Below this line is a listing that includes pictures. Copy exactly, and only, the lines from the one containing "Annabelle Fleur (@vivaluxuryblog)" through the one containing "Hier finden Sie"; the pictures do not go in the copy.
***** Supplied material
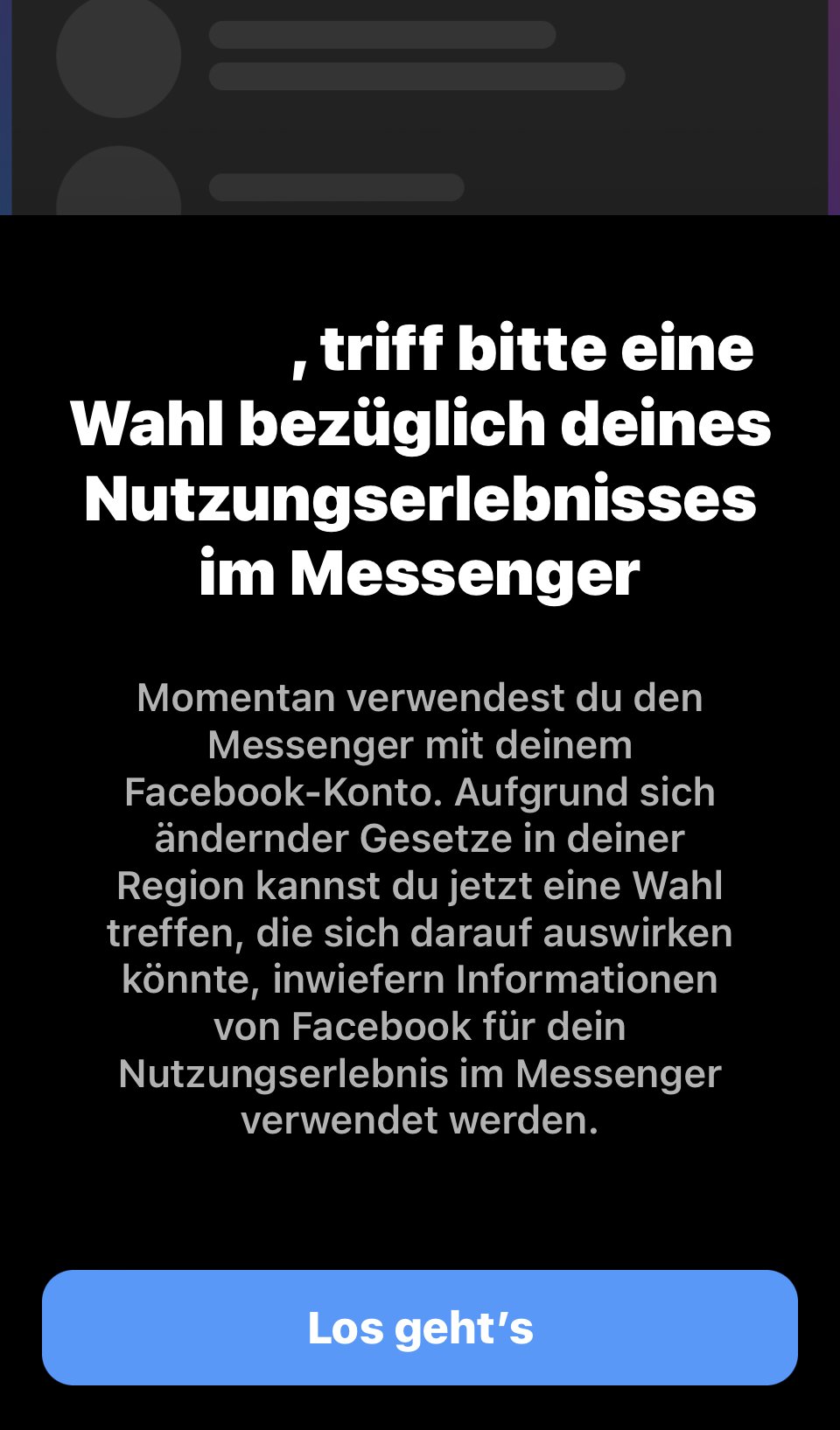 „Momentan verwendest du den Messenger mit deinem Facebook-Konto. Aufgrund sich ändernder Gesetze in deiner Region kannst du jetzt eine Wahl treffen, die sich darauf auswirken könnte, inwiefern Informationen von Facebook für dein Nutzungserlebnis im Messenger verwendet werden.“ Einmal die Zugriffsmöglichkeit für deinen Chatverlauf eingerichtet, kommt die nächste Meldung auf dem Display im Messenger von Meta über Facebook. Was es damit auf sich hat, erfährst du hier.
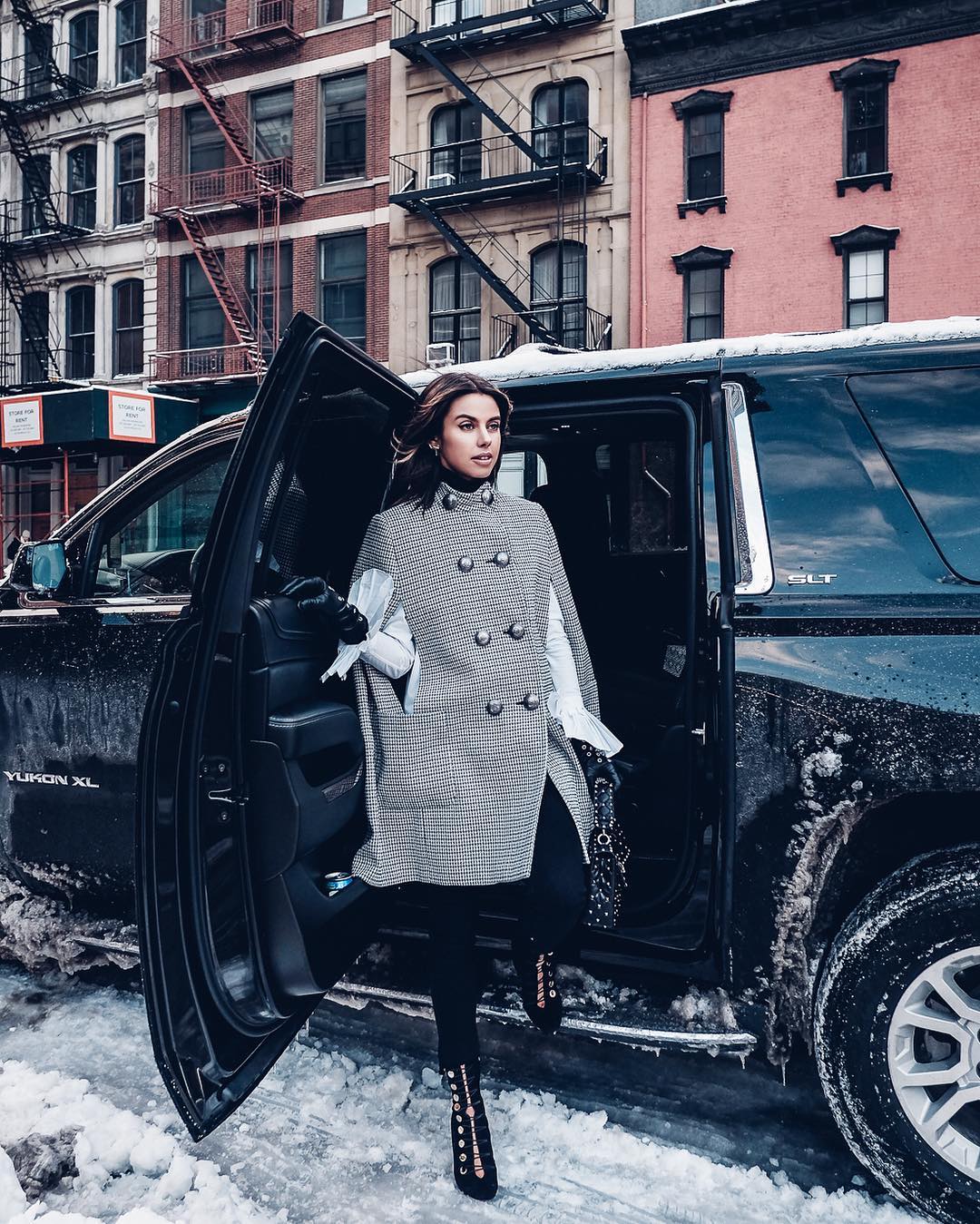 Annabelle Fleur (@vivaluxuryblog) pairs a plaid cape with black cigarette pants and a fluttery white blouse for winter days.
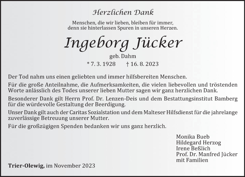 Hier finden Sie alle Traueranzeigen aus der Zeitung, die bisher für Ingeborg Jücker erschienen sind. Weitere Traueranzeigen, die in der Zeitung erscheinen, werden hier ebenfalls aufgelistet
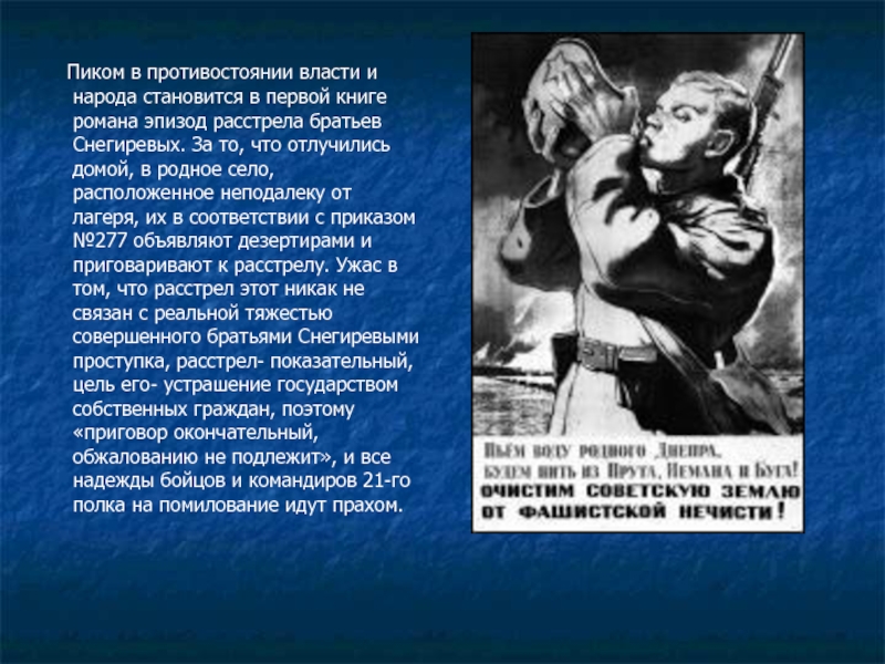 книге романа эпизод расстрела братьев Снегиревых. За то, что отлучились домой, в родное село, расположенное неподалеку от лагеря, их в соответствии с приказом №277 объявляют дезертирами и приговаривают к расстрелу. Ужас в том, что расстрел этот никак не связан с реальной тяжестью совершенного братьями Снегиревыми проступка, расстрел- показательный, цель его- устрашение государством собственных граждан, поэтому «приговор окончательный, обжалованию не подлежит», и все надежды бойцов и командиров 21-го полка на помилование идут прахом.
**********
> _Task result_:
 Annabelle Fleur (@vivaluxuryblog) pairs a plaid cape with black cigarette pants and a fluttery white blouse for winter days.
 Hier finden Sie alle Traueranzeigen aus der Zeitung, die bisher für Ingeborg Jücker erschienen sind. Weitere Traueranzeigen, die in der Zeitung erscheinen, werden hier ebenfalls aufgelistet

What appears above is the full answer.